Yamini: In the 2019 election, the BJP won 303 seats – the strongest mandate in its history. The Congress, meanwhile, was marginally better off than its earlier performance in 2014. Since the verdict came out, we have seen the Congress party somewhat confused. With Rahul Gandhi’s resignation, many questions are being asked about what it means for the leadership vacuum in the Congress. Did this loss have to do with its leadership, with its long history of organizational atrophy, or because of an ideological breakdown within the Congress party? What does the party stand for? How will it position itself in opposition to the new hegemony of the BJP? These are important questions for the future of the Congress, should it attempt to rebuild itself going forward.

Rahul, let’s begin with you: can you tell us in a little more detail what these 52 seats of Congress mean? How is it positioned vis-a-vis the BJP? Where did the Congress gain these seats from? How competitive the party is in direct head-to-head contests with the BJP? The Congress really gained in Kerala and retained seats in Telangana. What does this mean for its power in the southern states?


Rahul: A first look at the numbers seems to suggest that the Congress party has improved its tally from 2014, which in fact is not true. In reality, it has stagnated with a vote share of 19-20%. The number of seats has increased – but most of those seats have come from the South. So in some ways, the Congress party now appears to be a regional party concentrated in a few states.

Second, this is the first time in the history of Indian politics that the Congress contested fewer seats than the BJP – it contested 423, and the BJP 431. Of course, this is partly due to the compulsion of coalition politics, but nevertheless, it reflects the decline of the Congress party.

In 2014, the party stood first and second in around 268 seats. This came down to 262 in 2019. So, the top two slots have gone down. 2014, in some ways, was not just an electoral defeat for the Congress. It had all the ingredients of an electoral disaster. Two out of every five Congress candidates had lost their deposits – something that had not even happened in 1977 or 1989. In more than one-third of the seats, Congress appears not to have the capacity to even get 15-16% of votes. These results can only indicate a defunct organization.

There are a number of states where the Congress party has not been in power for almost 30 years – West Bengal, Uttar Pradesh, Tamil Nadu, Bihar, Gujarat. In some ways they have been in opposition here, but between 2014 and 2019, they lost further ground – in Tripura and Odisha, where they were the principal opposition, they have ceded even that space.

If you think about the third-party system, between 1989 to 2014 the base vote share of the Congress party was somewhere around 25%. By 2019, it has dropped below 20%. Historically, once its vote share goes below 20% in any state, it has never revived there. It seems to be sitting at the edge of an electoral disaster, and a revival will be a long haul.
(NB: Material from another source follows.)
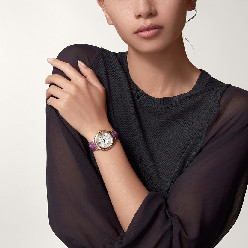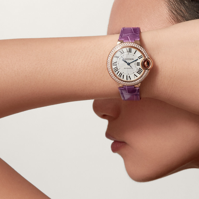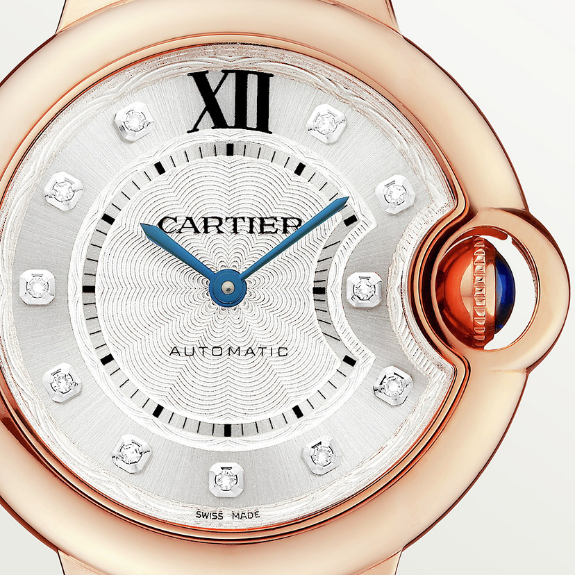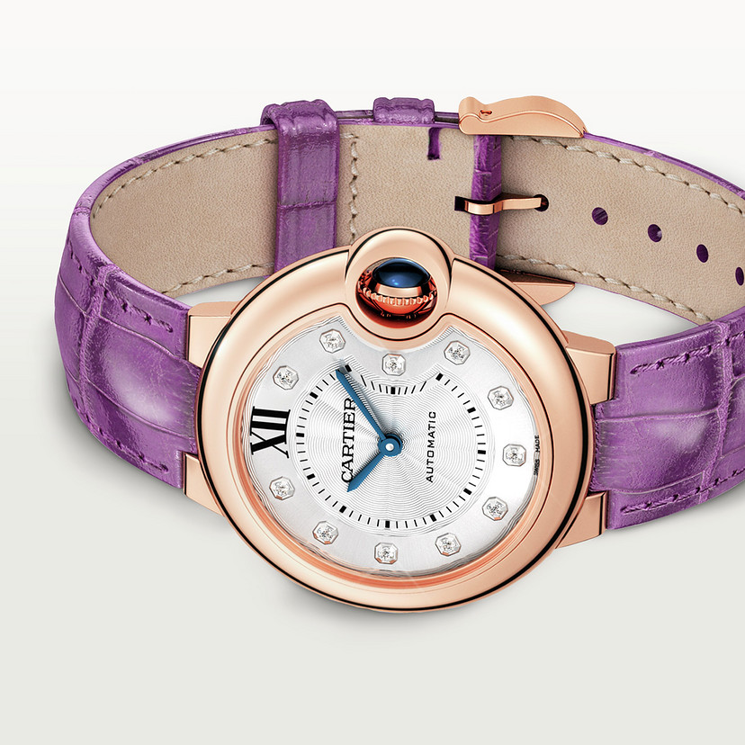 Ballon Bleu de Cartier watch 33mm rose gold diamonds leather CRWE902063

Yamini: Zoya, a lot of your work has been in Uttar Pradesh, particularly on the rise of the regional parties in the 1990s – the beginning of a new set of party politics that the Congress has not necessarily been able to live up to. Did you foresee where we are today, looking back to the 1990s, or do you trace the shift of electoral politics from even earlier?


Zoya: The decline of the Congress started in the 1970s. At that point of time, the Congress party was at its peak, in 1971, and soon after it began to decline. The imposition of the Emergency was an important turning point for the Congress decline. It is obvious that the Congress was not able to consolidate its victory in the 1971 general elections and 1972 assembly elections. This process of decline that started in the mid-1970s, gathered momentum in the mid-1980s, and the decision to open the gates of Babri Masjid, and reversing the Supreme Court verdict in the Shah Bano case was the beginning of the political crisis in the party. This because it was clear that the Congress was trying to please both the constituencies – Hindu as well as Muslim – but ended up displeasing both.
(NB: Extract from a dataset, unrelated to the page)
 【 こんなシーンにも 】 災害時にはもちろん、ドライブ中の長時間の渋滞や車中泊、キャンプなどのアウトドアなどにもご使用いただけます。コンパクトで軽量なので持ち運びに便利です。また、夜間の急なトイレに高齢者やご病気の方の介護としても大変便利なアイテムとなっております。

To address your question about the regional parties, it is a very important question because many regional parties were breakaways from the Congress: the Trinamool Congress, the NCP in Maharashtra, and Jagan Mohan Reddy’s YSR Congress in Andhra. These are now major parties that have replaced the Congress. If in the future some of these parties were to merge with the Congress, the united party would, without a doubt, be a very strong force. In contrast, the BJP has not split even once. The three Congress breakaways – TMC, NCP, and YSRCP – do not have strong regional identities unlike the DMK and the AIADMK. These parties in fact are very similar to the Congress party which makes it more difficult for the Congress to regain its base in these states.
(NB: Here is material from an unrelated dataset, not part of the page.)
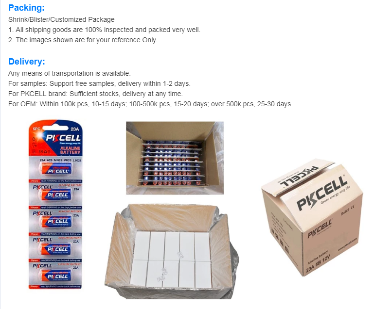 Pkcell คุณภาพสูง a23 l1028 23ae 23a 12v แบตเตอรี่อัลคาไลน์สําหรับ doorbell
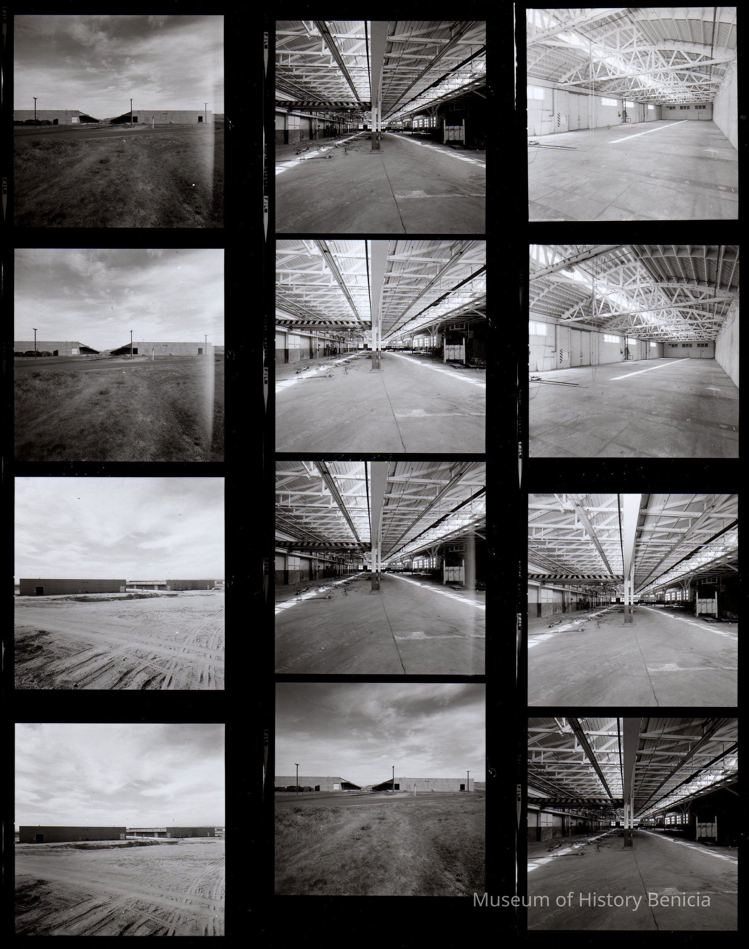 B/W contact prints: one of a set of seven showing Benicia Arsenal buildings (interiors and exteriors) when Benicia Industries moved to Industrial Park. (12 - 2.25" x 2.25" prints on page)Collection

Yamini: The ideological crisis begins to hit the Congress post-1977 and accelerates in the late 1980s, giving the BJP the momentum to rise post its decimation in the 1984 elections. But do you see the rise of the regional parties and the ideological atrophy within the Congress as being two consequences of the same problem? Is the absence of a strong political identity creating space for new formations to begin articulating themselves?


Zoya: The Congress ideological crisis is quite serious and has become more so in the past decade. It is extremely important for the Congress to distinguish itself from a right wing party, but given that the BJP has enormous political clout and support, the Congress, instead of taking a distinct position, is often trying to imitate the BJP and appropriate what the BJP stands for, as they have done in the past. And in so doing the Congress hopes that it will not be seen to be going against the popular current and public opinion. But now that the ground has shifted, and it is facing a powerful right wing adversary, trying to incorporate some of its ideas and strategies doesn’t quite work.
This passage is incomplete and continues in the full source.